„Miasto przepłaca na stadion, wydaje pieniądze na niepotrzebne badania, budżet jest nieprzemyślany, a prezydent Poznania wykazuje się brakiem planistycznych umiejętności” - takie opinie sekretarz miasta Piotr Kołodziejczyk umieścił na swoim blogu. Dzieląc się zastrzeżeniami stracił pracę.

O zwolnieniu swojego pracownika zdecydował prezydent Ryszard Grobelny po przeczytaniu bloga: Taka postawa jest postawą nielojalną w stosunku do mnie i w stosunku do całego urzędu. Ponieważ na dodatek, było to zrobione w sposób zaskakujący, to jeszcze powoduje to, że traci się w takiej sytuacji zaufanie.
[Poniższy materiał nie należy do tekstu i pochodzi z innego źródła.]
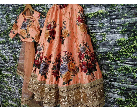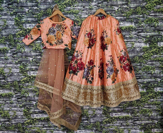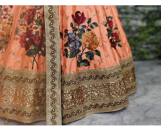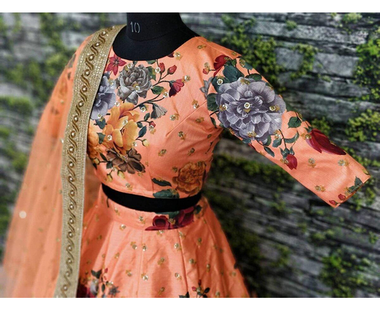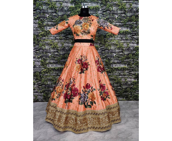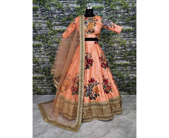 Women's Silk Semi-stitched Lehenga Choli Peach

Jak dodaje Grobelny, jego podwładny Piotr Kołodziejczyk, złamał zasady, które sam stworzył. Zwolniony sekretarz miasta jest obecnie w Warszawie, gdzie promuje miejskie rozwiązania internetowe. Sprawy bloga nie chce komentować. Jutro, po powrocie Kołodziejczyka, prezydent oficjalnie wręczy mu wypowiedzenie z pracy.